According to UOB economist Ho Woei Chen, China's May Purchasing Managers' Indexes (PMIs) indicate a softer outlook for second-quarter 2026 GDP growth, with the manufacturing sector hovering at the expansion threshold but losing momentum due to weaker external demand and cost pressures related to the Middle East. The services sector showed a modest rebound, but domestic demand remains a key vulnerability that requires policy attention [1].
The May PMI data reinforced the slowdown already evident in April's broader macro indicators. UOB expects China's GDP growth to moderate to 4.7% year-on-year in 2Q26, down from 5.0% in 1Q26. The full-year 2026 GDP growth forecast is maintained at 4.7% [1].

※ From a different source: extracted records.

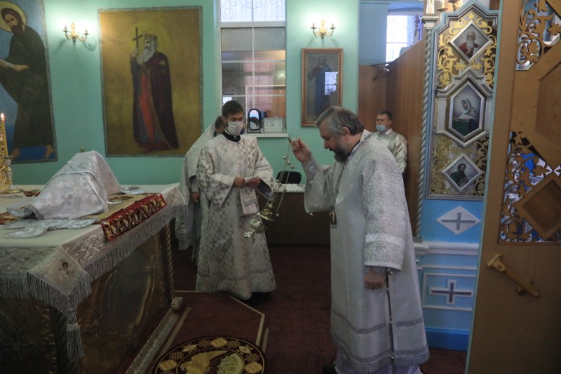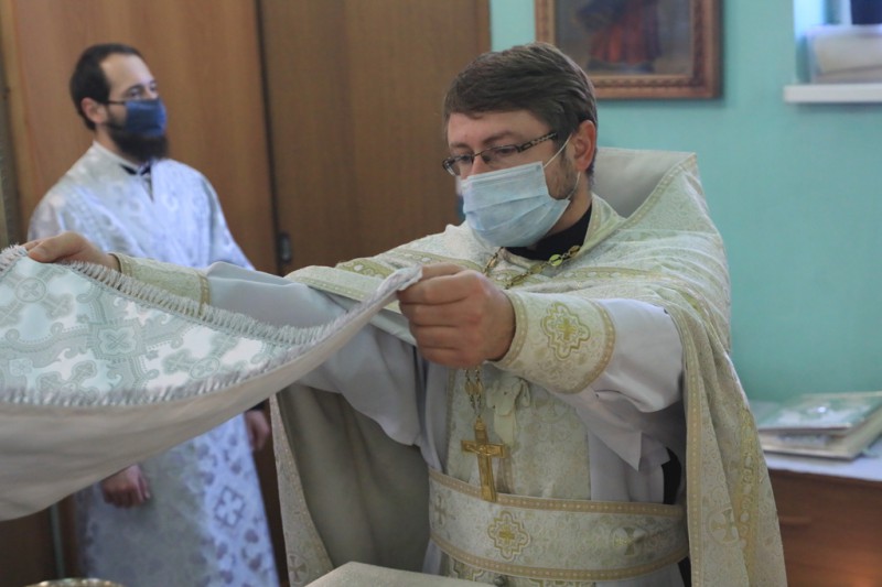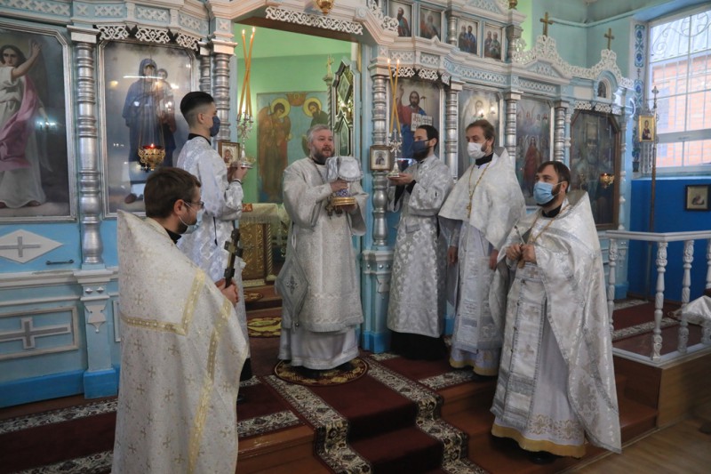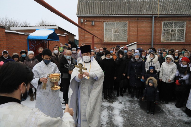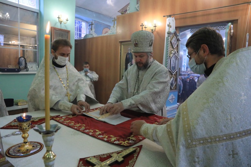 Его Преосвященству сослужили благочинный приходов Нижнедонского церковного округа, настоятель храма протоиерей Сергий Яценко; клирик храма Архистратига Михаила иерей Виталий Крендясов, настоятель храма великомученика Георгия Победоносца пос. Новозарянский иерей Сергий Липень, диакон Даниил Зырянов и диакон Трофим Осяк.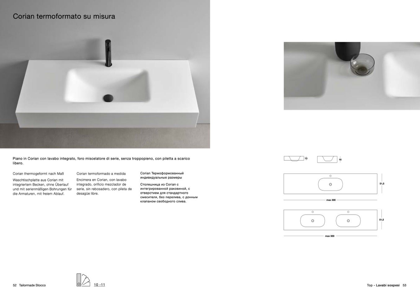 Piano in Corian con lavabo integrato, foro miscelatore di serie, senza troppopieno, con piletta a scarico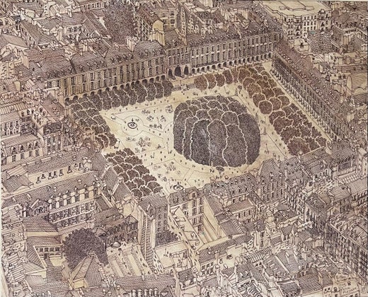 A mid-century, stylized painting of the Place du Commandant Lamy in Mougins leading to a ...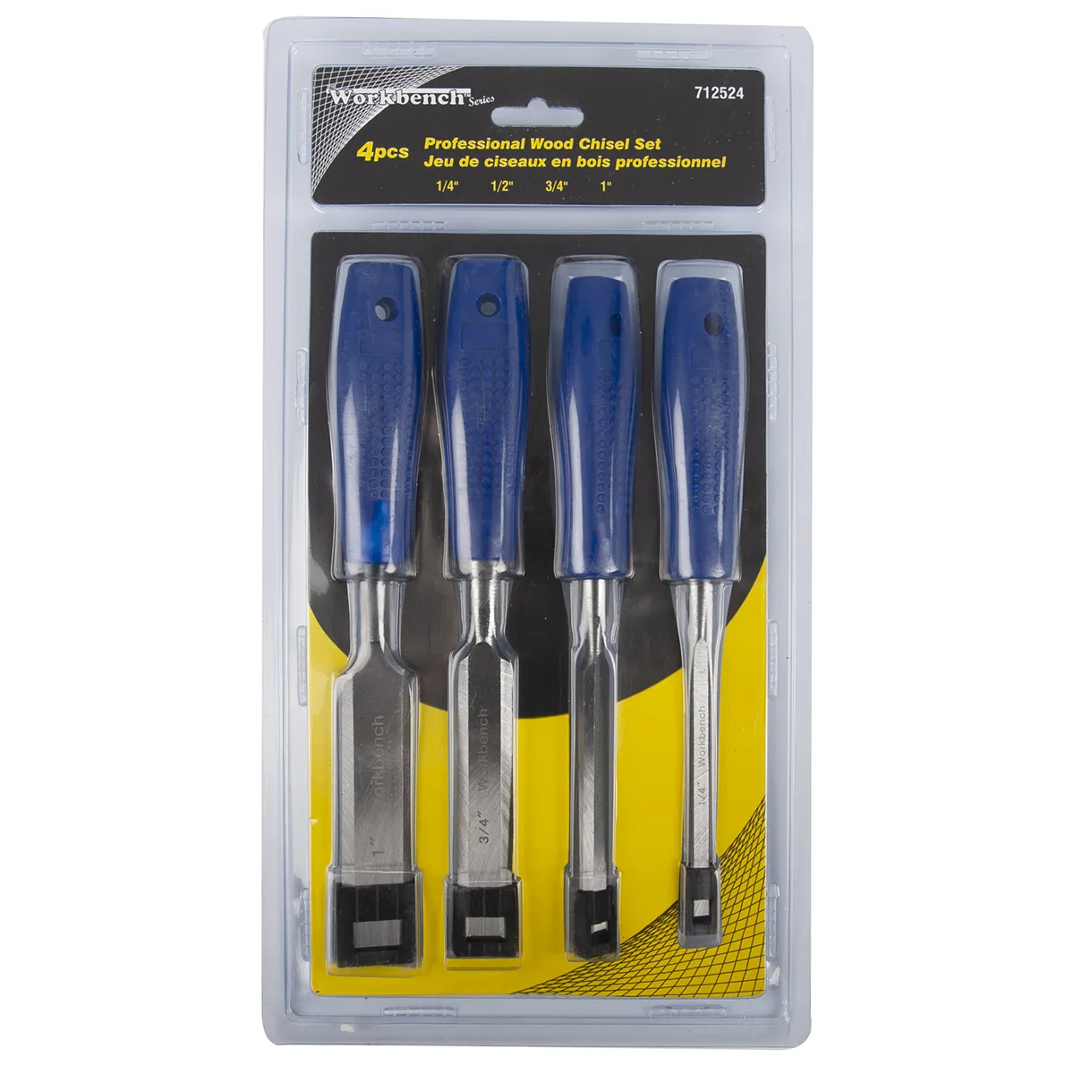 4 Pieces wood chisel set. Size: 1/4; 1/2; 3/4; 1 inch.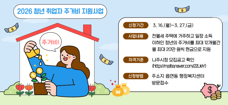나주시는 선정된 청년에게 생애 1회에 한해 최대 12개월 동안 월 20만원(최대 240만원)의 주거비를 지원한다.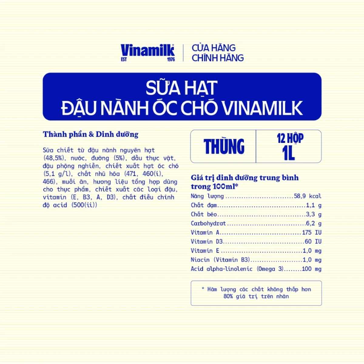 ✨Thùng 12 hộp Sữa đậu nành Vinamilk hạt Óc chó 1L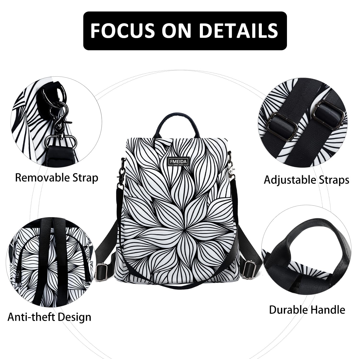 Fmeida Rucksack Damen Anti Diebstahl Nylon Handtaschen Wasserdichte 2 in 1 Schultertasche Casual Daypack Klein Reiserucksack für Frauen Mädchen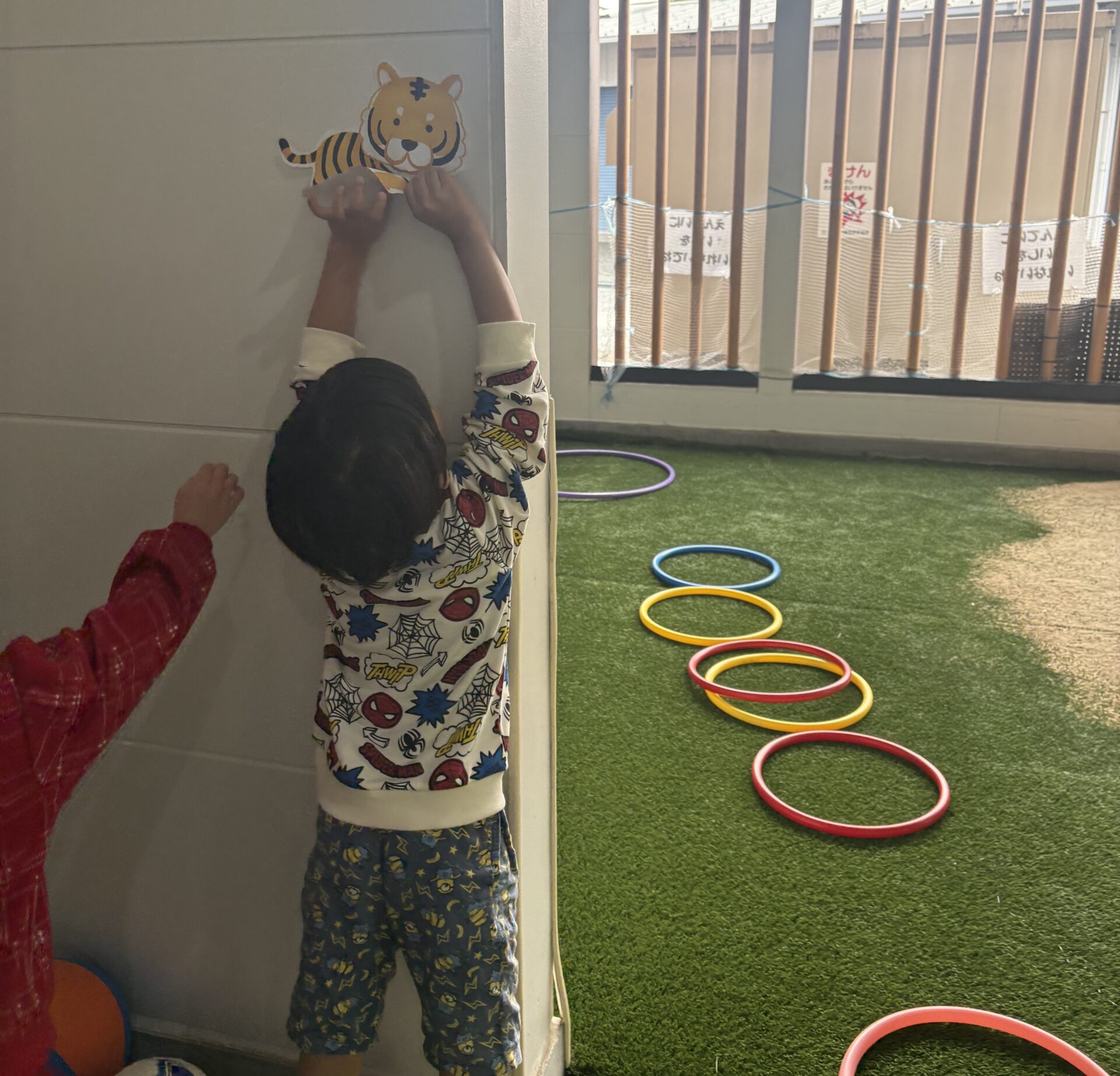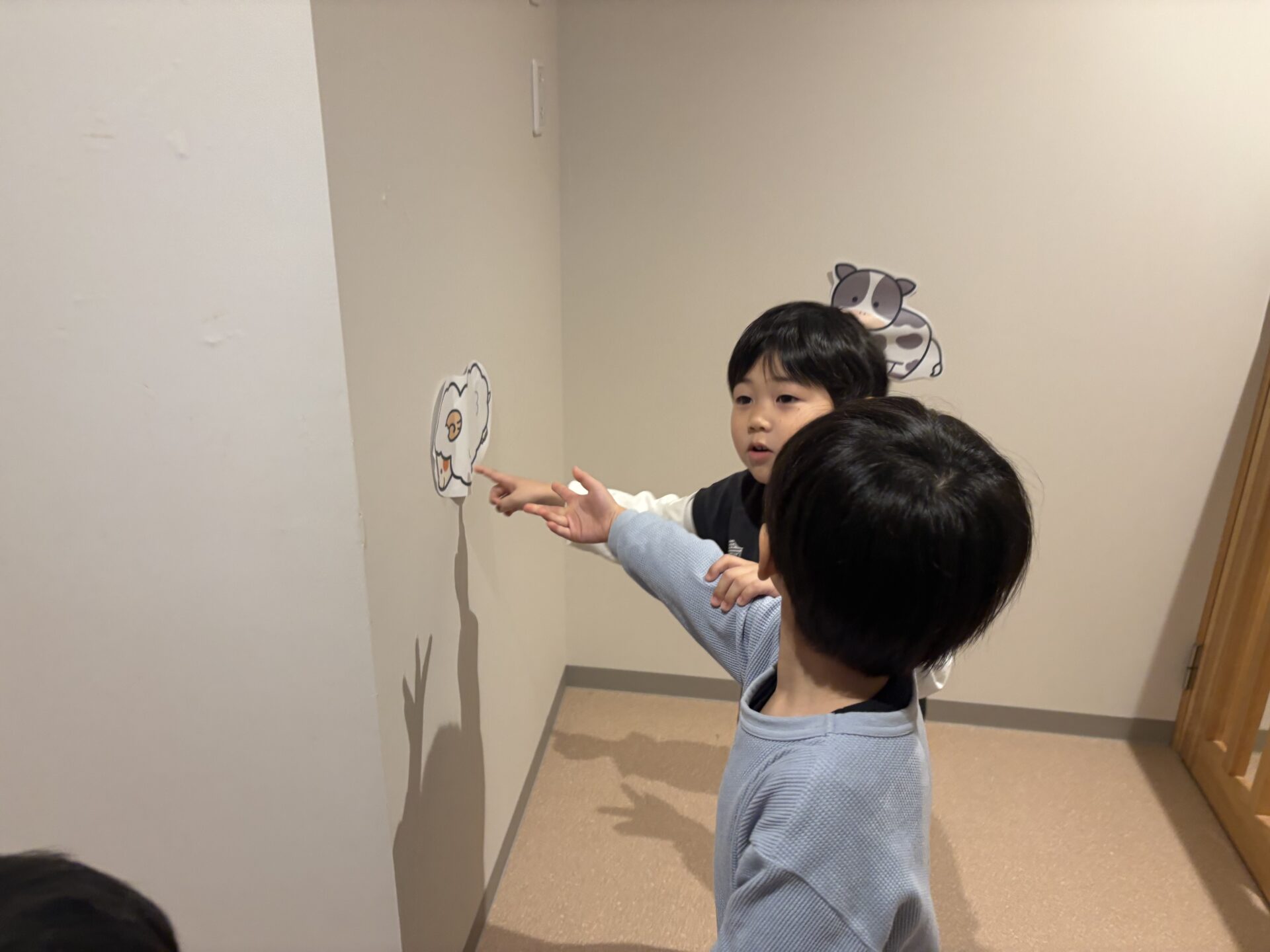 最後にはみんなで見つけた十二支の動物を壁に貼って写真を撮りました♡

Despite the slowdown, UOB anticipates that policy responses will remain calibrated and incremental unless there is further evidence that growth could fall below the official target range of 4.5%-5.0%. The economist notes that while the services sector's rebound offers some offset, the overall outlook remains cautious due to persistent weaknesses in domestic demand [1].
CONCLUSION
China's economic growth is expected to slow in the second quarter of 2026, with GDP growth forecast at 4.7% year-on-year. While policy is likely to remain measured, ongoing vulnerabilities in domestic demand and external pressures suggest a cautious outlook for the remainder of the year.